Linker script is an embedded language for the linker. It is mainly
used to control how input sections are mapped to output sections and
the layout of the output, but it can also do a lot of tricky stuff.
Its feature is useful especially for embedded programming, but it's
also an awfully underdocumented and complex language.

We have to implement a subset of the linker script language anwyay,
because on Linux, /usr/lib/x86_64-linux-gnu/libc.so is (despite its
name) not a shared object file but actually an ASCII file containing
linker script code to load the _actual_ libc.so file. But the feature
set for this purpose is very limited, and it is okay to implement them
to mold.

Besides that, we really don't want to implement the linker script
langauge. But at the same time, we want to satisfy the user needs that
are currently satisfied with the linker script langauge. So, what
should we do? Here is my observation:

- Linker script allows to do a lot of tricky stuff, such as specifying
  the exact layout of a file, inserting arbitrary bytes between
  sections, etc. But most of them can be done with a post-link binary
  editing tool (such as `objcopy`).

- It looks like there are two things that truely cannot be done by a
  post-link editing tool: (a) mapping input sections to output
  sections, and (b) applying relocations.

From the above observation, I believe we need to provide only the
following features instead of the entire linker script langauge:

- A method to specify how input sections are mapped to output
  sections, and

- a method to set addresses to output sections, so that relocations
  are applied based on desired adddresses.

I believe everything else can be done with a post-link binary editing
tool.

## Details

- If we aim to the 1 second goal for Chromium, every millisecond
  counts. We can't ignore the latency of process exit. If we mmap a
  lot of files, \_exit(2) is not instantaneous but takes a few hundred
  milliseconds because the kernel has to clean up a lot of
  resources. As a workaround, we should organize the linker command as
  two processes; the first process forks the second process, and the
  second process does the actual work. As soon as the second process
  writes a result file to a filesystem, it notifies the first process,
  and the first process exits. The second process can take time to
  exit, because it is not an interactive process.

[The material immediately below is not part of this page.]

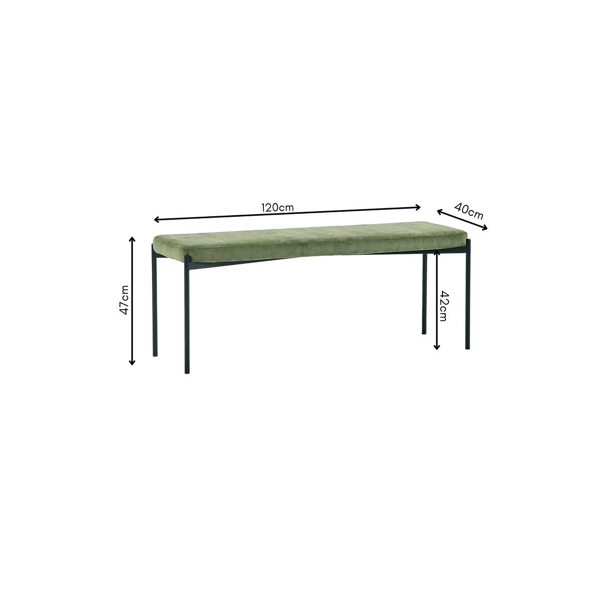 Add a touch of refined style to your dining experience with the Sylvie Bench. Upholstered in soft, plush velvet, it offers exceptional comfort and sophistication. The padded seat ensures long-lasting comfort, while the slim black coated metal legs create a clean, modern silhouette, providing sturdy support. Minimal assembly is required—simply attach the legs for a seamless setup. Perfect for both formal and casual settings, it brings a chic, understated elegance to your dining space, making it a versatile and stylish choice. Product details• Upholstered in velvet fabric• Slim metal legs• Full assembly required• 1 year manufacturers warranty. Product Composition - 25% Wood, 25% Foam, 25% Fabric, 25% Metal. Product Dimensions - 120 cm x 40 cm x 47 cm , Weight - 9.1 KG• Seat Height - 47 cm• Seat Depth - 40.5 cm• Clearance to floor - 42 cm Package Dimensions - 125 cm x 52 cm x 45 cm, Weight -14.1 KGThis product will be dispatched by one of our trusted suppliers. You’ll be contacted by their selected courier about your delivery. Please note: this product cannot be delivered to all Offshore Islands, Northern Ireland or Republic of Ireland. JULIA01

- At least on Linux, it looks like the filesystem's performance to
  allocate new blocks to a new file is the limiting factor when
  creating a new large file and filling its contents using mmap.
  If you already have a large file on a filesystem, writing to it is
  much faster than creating a new fresh file and writing to it.
  Based on this observation, mold should overwrite to an existing
  executable file if exists. My quick benchmark showed that I could
  save 300 milliseconds when creating a 2 GiB output file.
  Linux doesn't allow to open an executable for writing if it is
  running (you'll get "text busy" error if you attempt). mold should
  fall back to the usual way if it fails to open an output file.

- As an implementation strategy, we do _not_ care about memory leak
  because we really can't save that much memory by doing precise
  memory management. It is because most objects that are allocated
  during an execution of mold are needed until the very end of the
  program. I'm sure this is an odd memory management scheme (or the
  lack thereof), but this is what LLVM lld does too.

- The output from the linker should be deterministic for the sake of
  [build reproducibility](https://en.wikipedia.org/wiki/Reproducible_builds)
  and ease of debugging. This might add a little bit of overhead to
  the linker, but that shouldn't be too much.

- A .build-id, a unique ID embedded to an output file, is usually
  computed by applying a cryptographic hash function (e.g. SHA-1) to
  an output file. This is a slow step, but we can speed it up by
  splitting a file into small chunks, computing SHA-1 for each chunk,
  and then computing SHA-1 of the concatenated SHA-1 hashes
  (i.e. constructing a [Markle
  Tree](https://en.wikipedia.org/wiki/Merkle_tree) of height 2).
  Modern x86 processors have purpose-built instructions for SHA-1 and
  can compute SHA-1 pretty quickly at about 2 GiB/s rate. Using 16
  cores, a build-id for a 2 GiB executable can be computed in 60 to 70
  milliseconds.

- BFD, gold, and lld support section garbage collection. That is, a
  linker runs a mark-sweep garbage collection on an input graph, where
  sections are vertices and relocations are edges, to discard all
  sections that are not reachable from the entry point symbol
  (i.e. `_start`) or a few other root sections. In mold, we are using
  multiple threads to mark sections concurrently.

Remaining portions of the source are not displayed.